Prehistorical littoral cones have been found on the coast of Hawaiʻi, where the volcanoes Mauna Loa and Kīlauea face the sea. They were named "littoral cones" by Wentworth in 1938. About 50 large cones are found on these two volcanoes and only three of them were formed during historical times; no such cones have been found on the other Hawaiian volcanoes. The Puʻu ʻŌʻō and Mauna Ulu eruptions of Kīlauea have also formed small littoral cones.

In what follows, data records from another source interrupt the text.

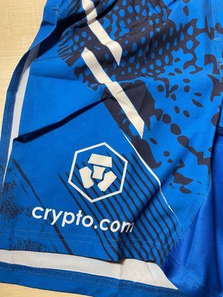 Pantalones de lucha UFC Venum sin usar. - Diseño moderno con estampado. - Cintura elástica para mayor comodidad. - Logotipo de UFC en la cintura. - Logo de Venum en la pierna derecha. - Logo de crypto.com en la pierna izquierda.
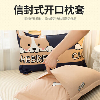 艾薇枕头套74*48儿童枕套水洗棉枕头枕套一对 数码狗 48*74cm
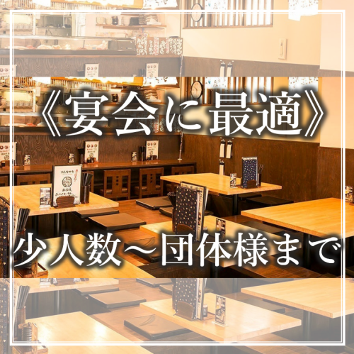少人数~団体様まで、どんなシーンでも大歓迎!活気ある広々とした店内に、テーブル席・掘りごたつ席を多数ご用意しております!歓迎会や送別会はもちろん、会社宴会、接待、女子会などなど、いつでも気軽に立ち寄れるのが魅力の海鮮食堂です!
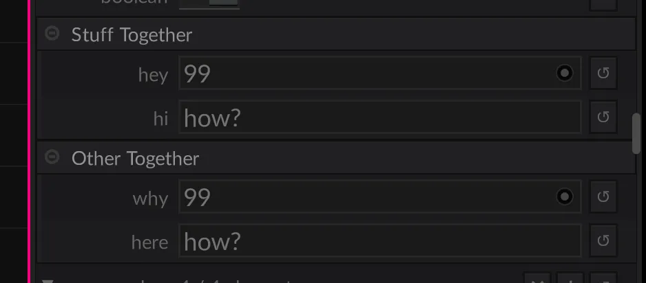 //Groups //Any consecutive fields with the same group tag //will be collected together in a collapsible group
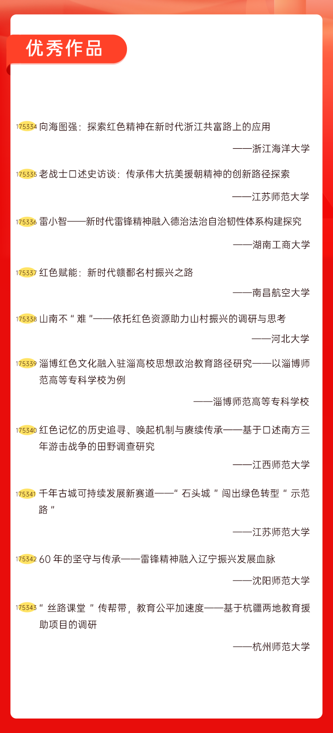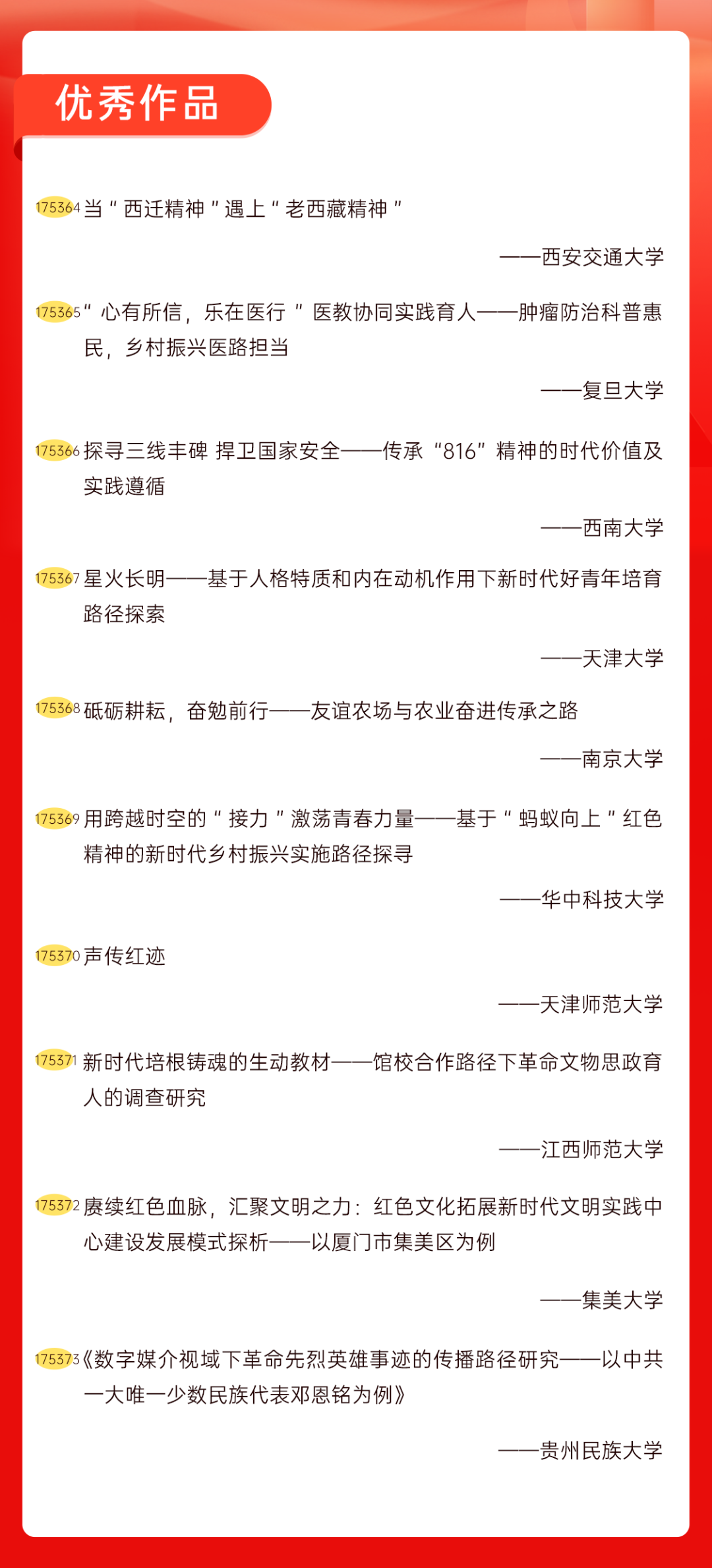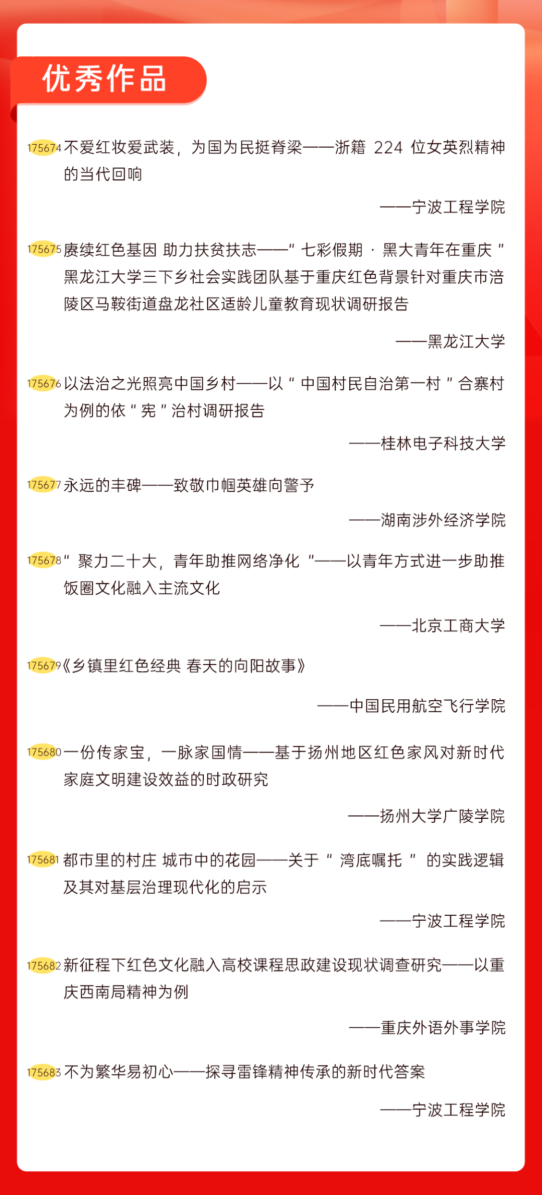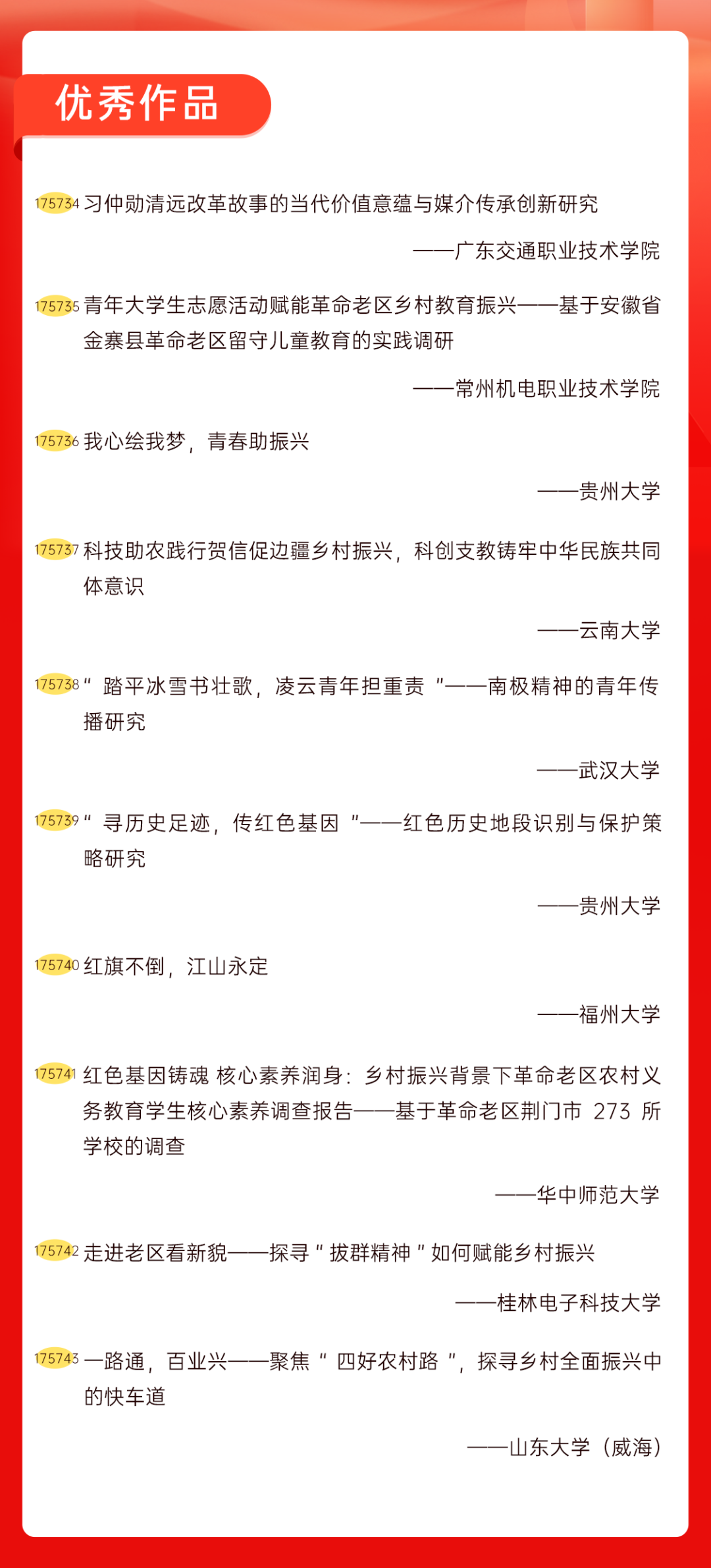 为增加广大青年互动式学习和交流,让青年学生的实践成果形成更广泛的社会影响,辐射带动更多青年学生突破空间限制、感受朋辈风采、传承红色基因,组委会将部分优秀作品建成红色教育的云上“红色课堂”。
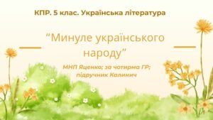 5 клас. Українська література. Комплексна підсумкова робота. «Минуле українського народу» за чотирма групами результатів. Модельна навчальна програма Яценко, підручник Калинич.
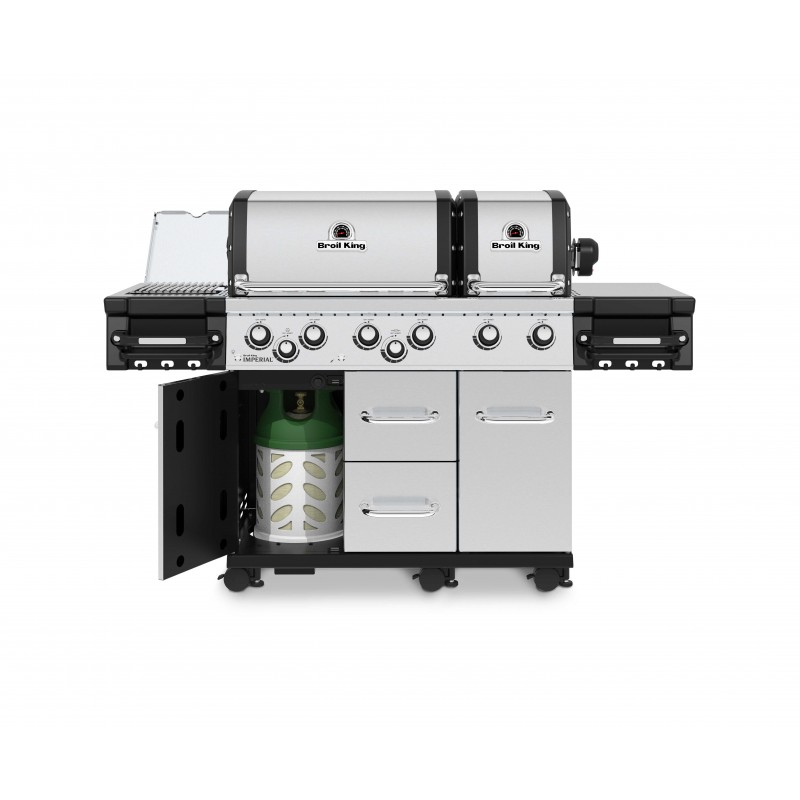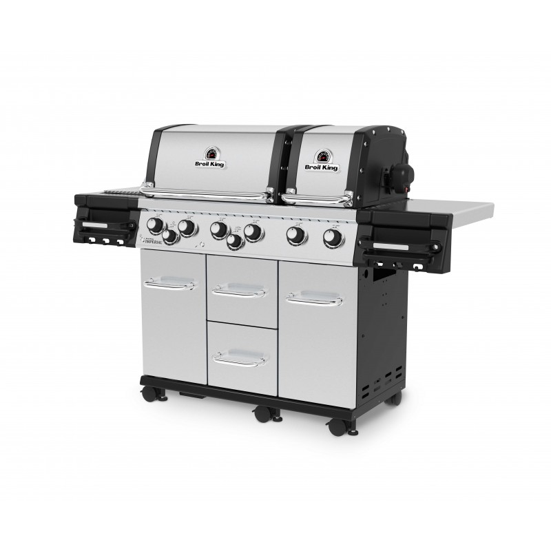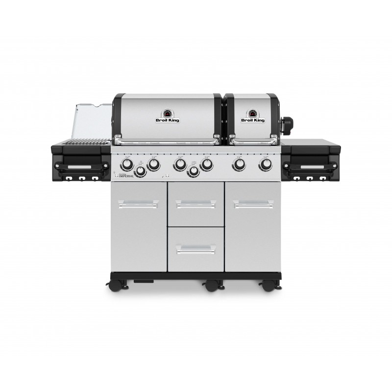Гриль Broil King Imperial S 690 IR газовый серебряный (997983) - топовый представитель премиум линейки от производителя Broil King. Гриль оснащён двумя раздельными закрытыми камерами с 6-тю горелками, что позволяют готовить одновременно разные блюда, соблюдая их тонкости в температурном режиме и в прямом/непрямом методе гриллинга; двухсторонними массивными небьющимися решётками с литой нержавеющей стали; вертелом на 4 вилки и горизонтальной горелкой; большим количеством шкафчиков и шухляд; боковыми стационарными столиками с подставками для соусов, специй, бутылок и крючками для аксессуаров с передней части; боковой инфракрасной конфоркой которая может разогреваться до 927°С, что позволяет быстро запечатать стейк и сохранить его сочность. А подсветка внутри камер и регуляторов не только поможет при процессе в тёмное время суток, но также станет окрасой вечера. Сам по себе, этот гриль является атрибутом престижа, стиля и достатка.
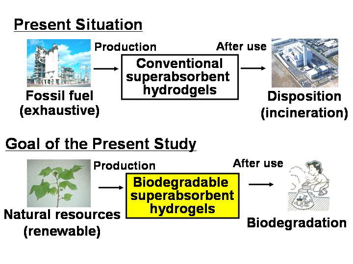 biodegradability. So we have been studying the development of superabsorbent hydrogels based on polysaccharides such as cotton cellulose, chitin, starch, and so on. Various kinds of novel biodegradable superabsorbent hydrogels have been successfully obtained from these polysaccharides.
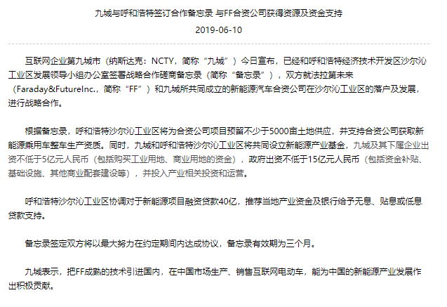 第九城市今日在公司官网发布消息称,已经和呼和浩特经济技术开发区沙尔沁工业区发展领导小组办公室签署战略合作磋商备忘录,双方就法拉第未来(简称:“FF”)和九城所共同成立的新能源汽车合资公司在沙尔沁工业区的落户及发展,进行战略合作。
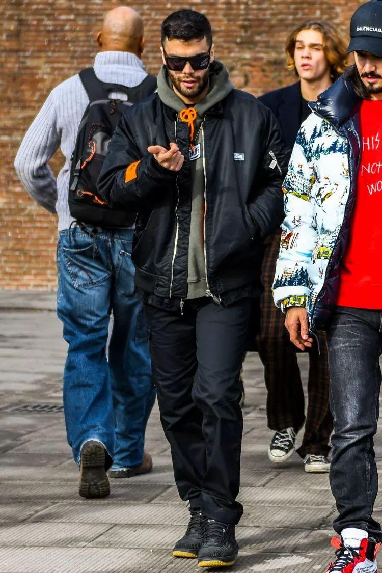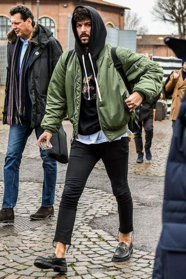 MA-1 and hooded sweatshirts are both very classic items. You can hardly make a big mistake by pairing a military green flight jacket with a black hooded sweatshirt. Choose the right fit to ensure wearing comfort.

Examples of littoral cones include one formed at Piton de la Fournaise on Reunion in 2007, Sand Hills (1840 eruption) on Kīlauea in Hawaiʻi, ʻAuʻau, Nā Puʻu a Pele, Puʻu Hou (1868 eruption) and Puʻu Kī (eruption 1300 years ago) at Mauna Loa in Hawaiʻi, a cone close to Villamil at Sierra Negra, Galapagos, several cones south of Krýsuvík and Eldborg (1800 years ago) at Hengill both on Iceland, a cone in the Winter Water unit of the Columbia Plateau Basalts, Oregon, several cones along the shores of Lake Kivu in East Africa, a cone at Becharof Lake, Alaska, Burilan and Devil Rock on Gaua, and Ponta de Ferraria (eruption 840 ± 60 years ago) on São Miguel Island, Azores. The Speedwell Vent in Derbyshire, United Kingdom may also be a littoral cone of Carboniferous age. Pleistocene littoral cones may also exist in Lake Tahoe, California, while Archean littoral cones may have formed in the Barberton Greenstone Belt of South Africa.